Originally Posted by mac336
I know nothing about calibration
Is this something I can do manually? I read that I need a disc
Is calibration just messing with the contrast, brightness, etc or is it some other more technical setting that I need to mess with?
any advice would be greatly appreciated. I'm sure there are some threads on this already, but having trouble finding them
Hoping that this doesn't simply become part of the Background Noise over whether or not a Professional Calibration is worth the cost....
1) Age your panel fairly aggressively - slides or not - at least until you approach the end of your Return Period. Helps uncover any Infant Mortality Issues.
Our 60ST50 seemed to "settle in" by (around) the 400 hour mark - certainly, that is the usage hours by which Quick Onset IR no longed seemed a Significant Issue.
Black levels also improved over the first couple hundred hours, as did screen uniformity (lost its initial yellowish blob and a vertical "shadow").
2) BY ALL MEANS GET THE AVS HD709 DISK! Not only is it free - will cost you a blank DVD to burn a copy - but it includes several short videos on HDTV "calibration" that are well worth watching.
One of the commercial disks may also prove useful - Disney's WOW seems to get the best User Reviews; while DVE has the best filters (per memory) but has a reputation as being difficult to use; Spears & Munsil (? Spelling) seems to tread the middle ground.
Some DVDs / Blu-ray disks also come with Calibration Aids. These are rather simplistic, but still better than nothing - see whether you have any THX movies (or Sony blu-rays?) in your collection.
3) You can play with the disks while accumulating a few hundred hours on your tv - then, if you are not satisfied with the PQ, you can explore the option of paying for a professional calibration - with at least some confidence that the underlying characteristics of your panel are likely to remain fairly stable....
There is always a question - or Discussion / Debate / Argument.... - between a Pleasing Picture and an Accurate Picture. In an ideal world, these would both be the same - but, just as no two panels are Exactly the same, so also are no two "Sets of Eyes" exactly the same.

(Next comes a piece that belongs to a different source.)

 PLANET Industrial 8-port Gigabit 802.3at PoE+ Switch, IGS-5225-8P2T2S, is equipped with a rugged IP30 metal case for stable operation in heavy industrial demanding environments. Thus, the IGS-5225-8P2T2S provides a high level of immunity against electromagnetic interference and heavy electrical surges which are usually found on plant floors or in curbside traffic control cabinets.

And while there is certainly a point in favor of 'Training" oneself to "appreciate" an accurate picture, in the end it is YOUR panel and YOUR eyes.... Still, if you understand the concepts behind calibration, and what a "properly calibrated" picture SHOULD look like, you can at least better decide for your self whether or not you are willing to "re-train" your vision, if necessary.
Enjoy your panel!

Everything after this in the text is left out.